No entanto, esses chimpanzés não usam pauzinhos para pescar cupins, algo muito comum em outras comunidades. E, além disso, os de Bili-Uerê, ao norte do rio Uele, coletam mel e esmagam frutas, mas ao sul do rio não fazem isso, e em vez disso, usam mais pauzinhos curtos para formigas. Tudo isso apesar de suas condições e ambientes serem praticamente os mesmos: não é que alguns saibam fazer algumas coisas e outros não.
São usos e costumes distintos nestas comunidades de chimpanzés rio acima e rio abaixo, o que os primatologistas chamam de cultura. “São traços específicos de grupo socialmente transmitidos entre indivíduos. A evidência da cultura em animais foi encontrada em várias espécies, não só em chimpanzés, mas é um fenômeno raro”, explica Ammie Kalan, pesquisadora do Instituto Max Planck para Antropologia Evolutiva. E acrescenta: “Não estamos dizendo que isso seja o mesmo que a cultura humana, apenas que, ao entender melhor as culturas de animais, podemos compreender como a cultura humana evoluiu”. Estas práticas culturais não são nenhuma novidade: recentemente foram compiladas na revista Science para denunciar que estão em risco: desde as fêmeas que fazem lanças para caçar macaquinhos até os chimpanzés que se reúnem no frescor das cavernas para fugir dos dias mais quente, passando pelos que utilizam longas varas para pescar nutritivas algas, os que aprenderam a beber água usando musgos como esponjas ou os que usam pedras como martelos para abrir nozes há milhares de anos, como tem sido mostrado arqueologicamente.

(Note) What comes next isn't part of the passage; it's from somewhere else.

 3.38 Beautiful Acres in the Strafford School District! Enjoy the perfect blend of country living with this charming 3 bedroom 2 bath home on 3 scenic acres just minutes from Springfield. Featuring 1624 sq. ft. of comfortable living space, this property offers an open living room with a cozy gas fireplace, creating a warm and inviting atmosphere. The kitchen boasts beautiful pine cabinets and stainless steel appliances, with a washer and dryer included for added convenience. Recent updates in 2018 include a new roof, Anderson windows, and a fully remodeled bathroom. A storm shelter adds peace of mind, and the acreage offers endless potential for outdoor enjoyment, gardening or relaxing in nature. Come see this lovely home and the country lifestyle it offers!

“São traços específicos de grupo socialmente transmitidos entre indivíduos. A evidência da cultura em animais foi encontrada em várias espécies”, diz Ammie Kalan
“Temos de nos apoiar nos grandes símios não-humanos para entender a gama de comportamentos tecnológicos que provavelmente estiveram presentes em nossos ancestrais extintos”, explicam os cientistas do estudo sobre Bili-Uerê, publicado na Folia Primatologica. Por exemplo, em Loango, os chimpanzés só conseguem abrir as tartarugas quando têm nove ou dez anos de idade. E não é um problema de força, mas de habilidade. No final, todos acabam comendo a carne da tartaruga, incluindo os que falharam na tentativa de abri-la.

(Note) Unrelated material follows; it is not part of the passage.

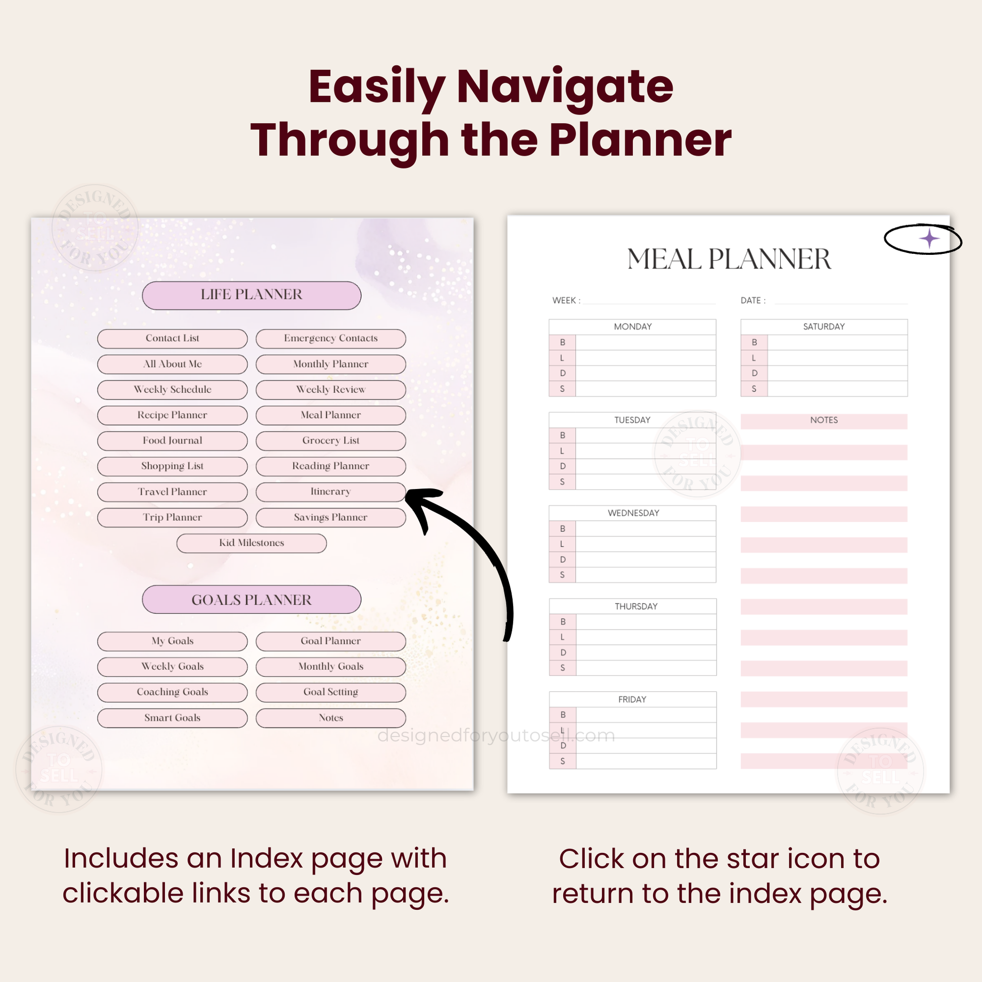 • Fully Hyperlinked in Canva: Navigate effortlessly between sections with fully hyperlinked pages, enhancing usability and interaction within Canva.

No entanto, como explicaram Pika e seus colegas na Scientific Reports, o mais interessante pode ser o gesto de Pandi: deixar uma parte da tartaruga em sua carapaça para ter o café da manhã no dia seguinte. “Embora o pensamento voltado para o futuro tenha sido observado em pombos, ratos, corvídeos e nos grandes símios, alguns especialistas ainda acreditam que são unicamente humanos, que ocorreu em condições induzidas experimentalmente em cativeiro”, explica Pika, codiretora do projeto de Loango.

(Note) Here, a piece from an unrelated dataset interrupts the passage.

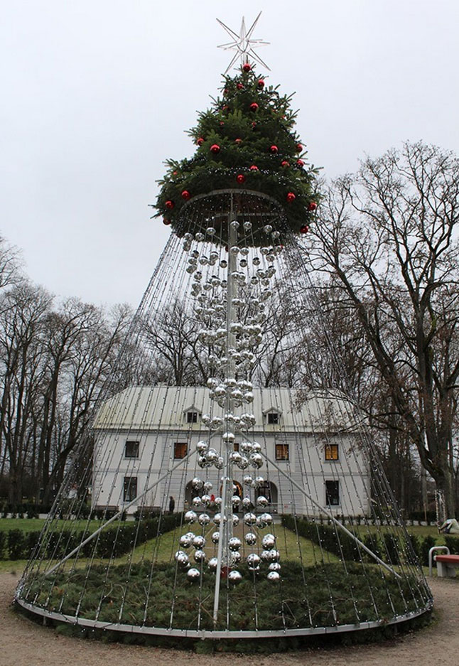Prie akį veriančiu baltumu spindinčios eglutės dera ir šalimais įkurdinti švytintys elniai bei dangiškas melodijas grojantys angelai. Jų kompaniją šiemet papildė po meteorų lietumi šokanti 2D pora.

Cinco anos atrás foi registrada a primeira exceção: fêmeas de chimpanzés eram capazes de se preparar para o futuro escolhendo o local mais adequado para acampar em função do que poderiam comer ali na manhã seguinte. Pandi e seu grupo, que às vezes levam por um tempo consigo as tartarugas e as esmagam quando chega a fome, poderiam ser o segundo caso de planejamento para o futuro não imediato. “Com a nossa observação, possivelmente estamos agregando outro exemplo que envolve um contexto diferente, mas precisamos de mais pesquisas para descobrir se esse comportamento desempenha um papel importante na comunidade dos chimpanzés”, diz Pika.